Apart from the obvious fact that this is all about Islamism- nothing to do with western foreign policy, since Pakistani Christians are natives who have nothing whatsoever to do with the west and most Kenyan non-Muslims are either black or Asian- a lot of this is connected to the blasphemy "laws" that are in place. They are what should be dismantled.

For two reasons. (1) often, they are just used out of pure spite or to rid a village of people who are unpopular or having something other villagers covet, as in the Asia Bibi case (2) if they actually were blasphemers and insulted religion, I don't see why any sensible person would care, certainly not to the degree of getting the law involved.

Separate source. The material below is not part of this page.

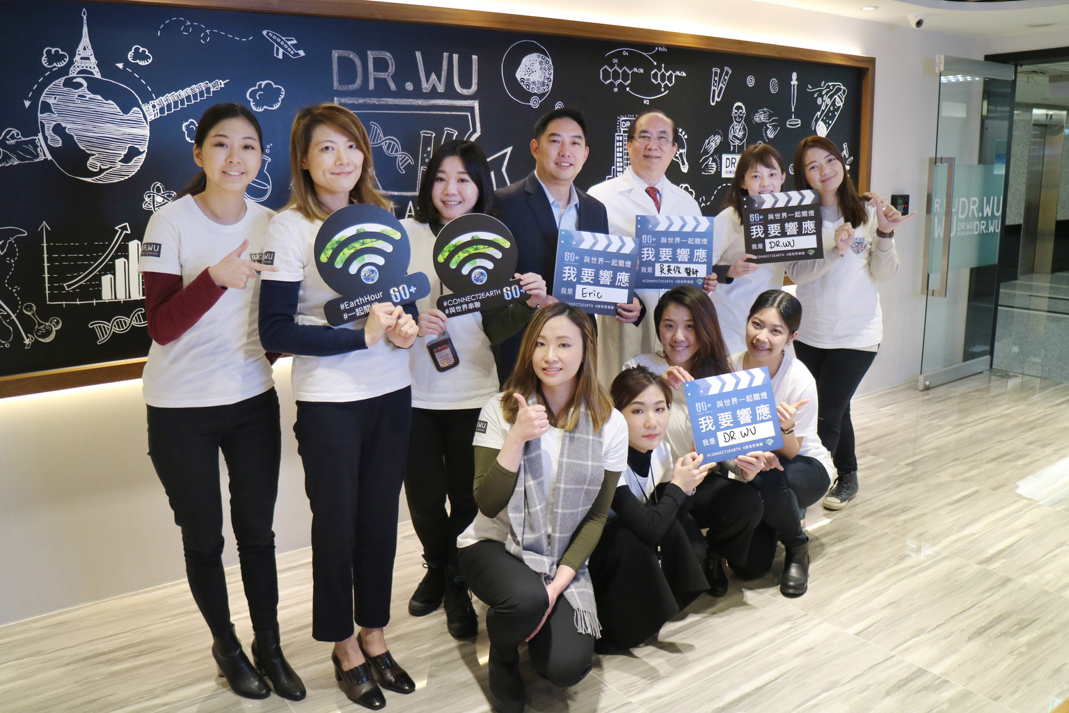 今年DR.WU很榮幸受邀一同響應EARTH HOUR TAIWAN 60+,不僅創辦人吳英俊醫師、董事長吳奕叡與公司同仁手持活動手拿牌一起開心合影外,

Likewise in Russia, where the church's influence on legislation has been almost as bad. And this is why I became a secularist, and I've got no idea why secularism is a dirty word on both the "left" and "right".

Finally, it's of interest. How many people vaguely thought every African lives in a mud hut, reliant on big charity to keep them from death's door, and didn't even know there were shopping centres in Kenya? I want a world where people are safe to go to shopping centres wherever they are. And it seems to me that with secular liberalism- social and economic- that is a likely future.

Finally, Jenkins did start off promisingly enough by expressing his fears about a seurocratic reaction. That is another thing that needs to be said.